● **Brief**: Your answer must be the lines from the one containing "На Оріхівському напрямку" through the last line below, copied exactly, with no pictures.
*** Opening Source material ***
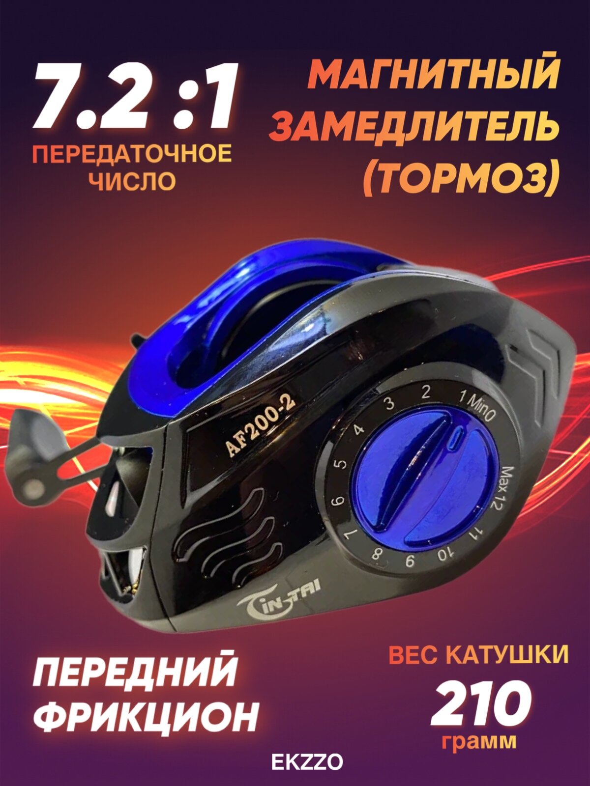 Мультипликаторная рыболовная катушка под правую руку 2000 18+1, красный/черный, 7,2 : 1 информация:
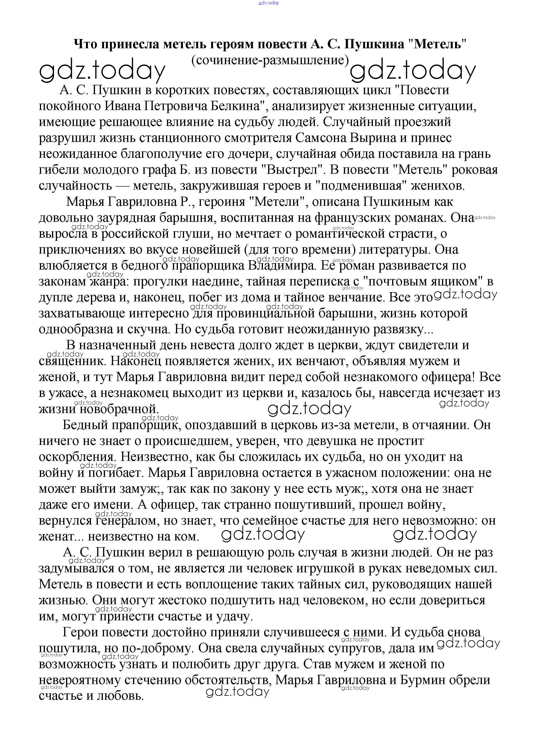 На страницах сайта gdz.today вы найдете учебный и вспомогательный материал, направленный на улучшения знаний школьной программы. ГДЗ - онлайн мир знаний Сочинения по русской литературе 6 класс Что принесла метель героям повести А. С. Пушкина "Метель" (сочинение-размышление) Сочинениям по Литературе для 5-10 класса Белик, Музычук Баро-Пресс 2017
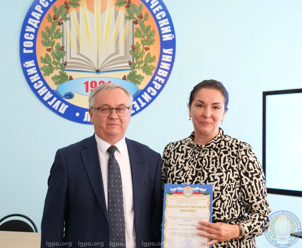 Алексей Чумаченко вручил благодарности Жанне Марфиной и директору Центра развития образования (филиала) ЛГПУ Ларисе Ткаченко.
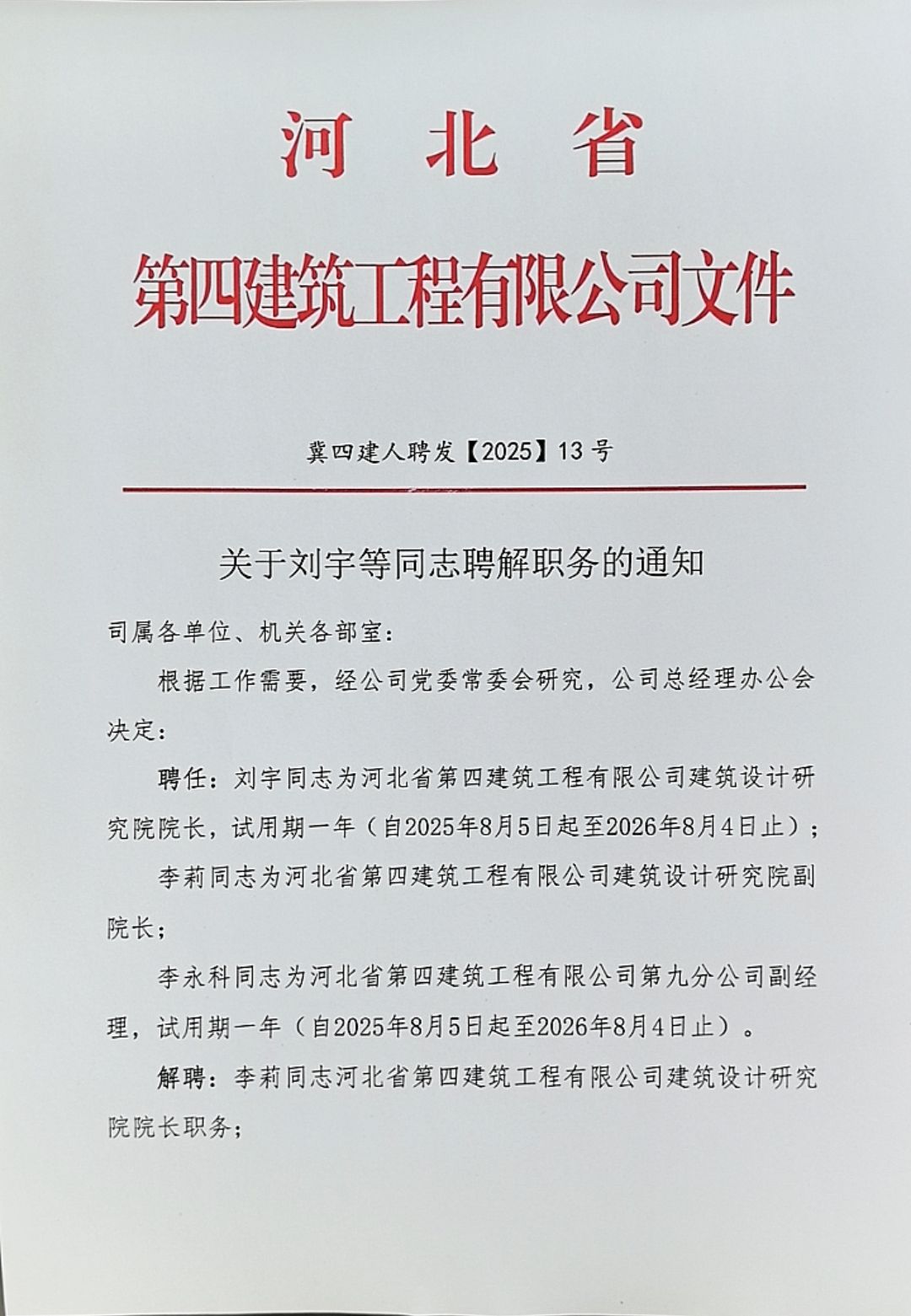 關(guān)于劉宇等同志聘解職務(wù)的通知
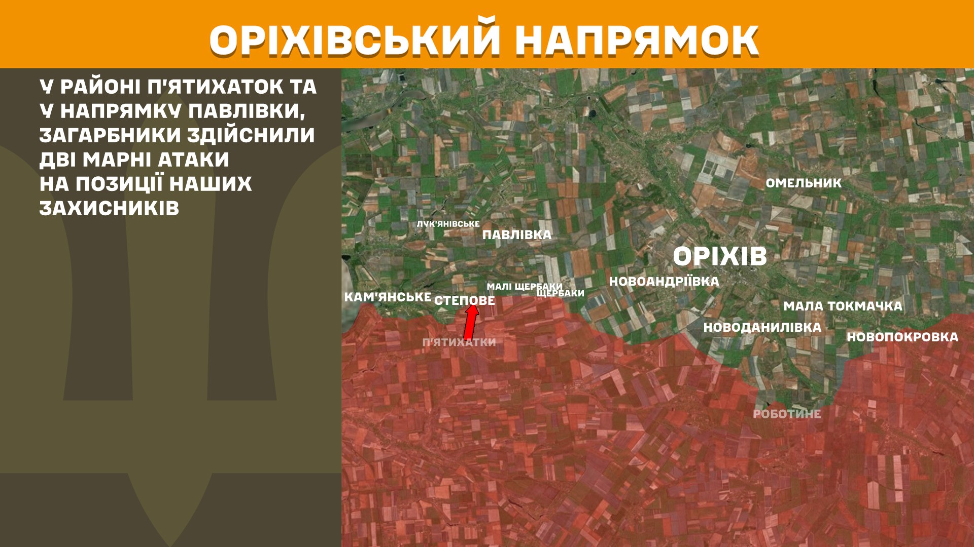 На Оріхівському напрямку загарбники здійснили 2 атаки у районі П’ятихаток та у напрямку Павлівки.
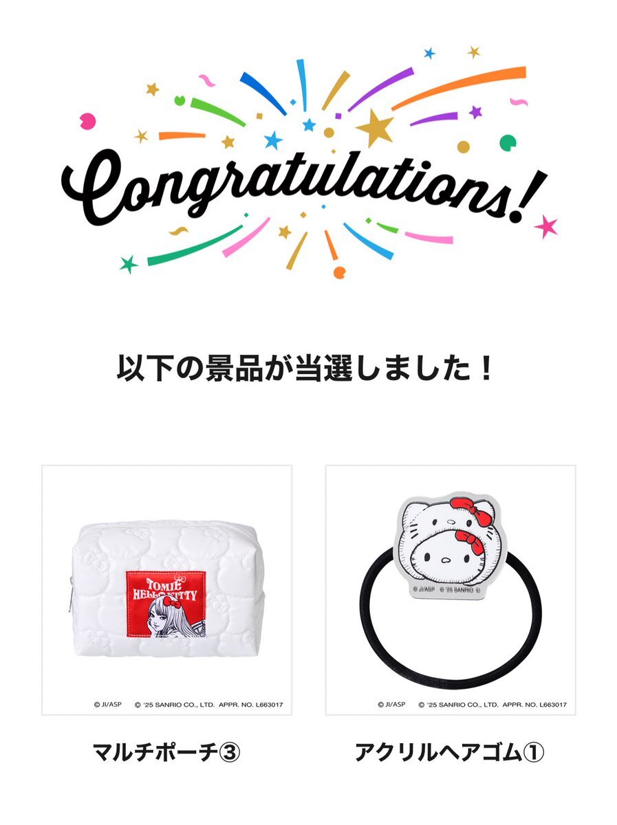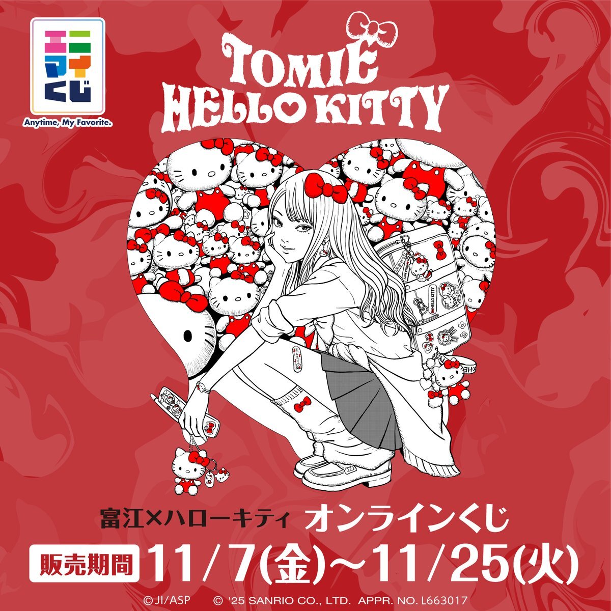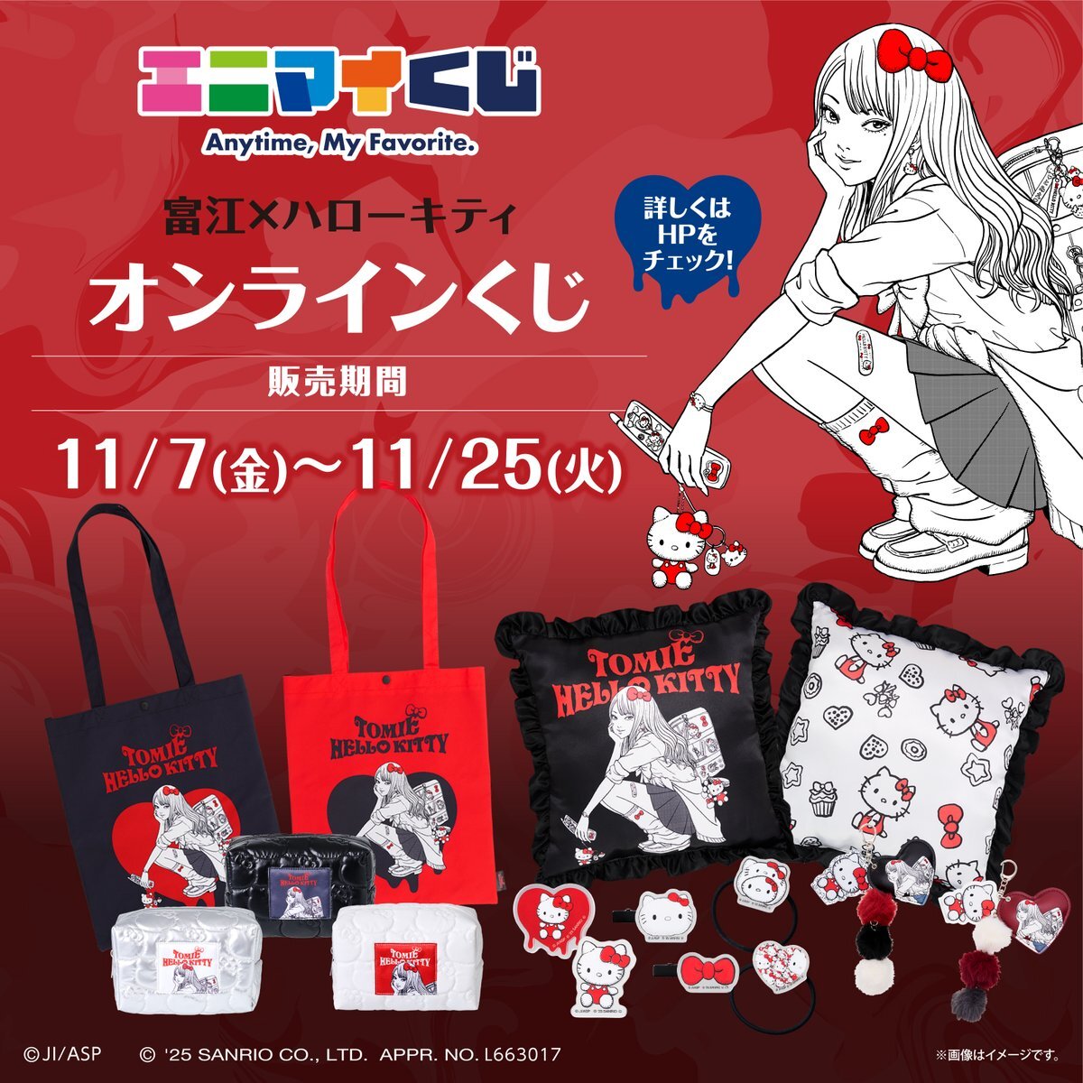 \🎀本日発売🎀/ 『 #富江 × #ハローキティ 』くじ🎯 ギャル富江のくじが #エニマイくじ 公式オンラインにて販売開始❣️ 妖しくも可愛い💓イラストを使ったアイテムがいっぱい…✨ 11/25(火)までなので、ぜひお見逃しなく👀 ⬇️詳細はこちら anymy.jp/kuji/projects/… pic.x.com/yfACq0FPW5
*** Closing Source material ***
● **Solution to the exercise**:
 На Оріхівському напрямку загарбники здійснили 2 атаки у районі П’ятихаток та у напрямку Павлівки.
 \🎀本日発売🎀/ 『 #富江 × #ハローキティ 』くじ🎯 ギャル富江のくじが #エニマイくじ 公式オンラインにて販売開始❣️ 妖しくも可愛い💓イラストを使ったアイテムがいっぱい…✨ 11/25(火)までなので、ぜひお見逃しなく👀 ⬇️詳細はこちら anymy.jp/kuji/projects/… pic.x.com/yfACq0FPW5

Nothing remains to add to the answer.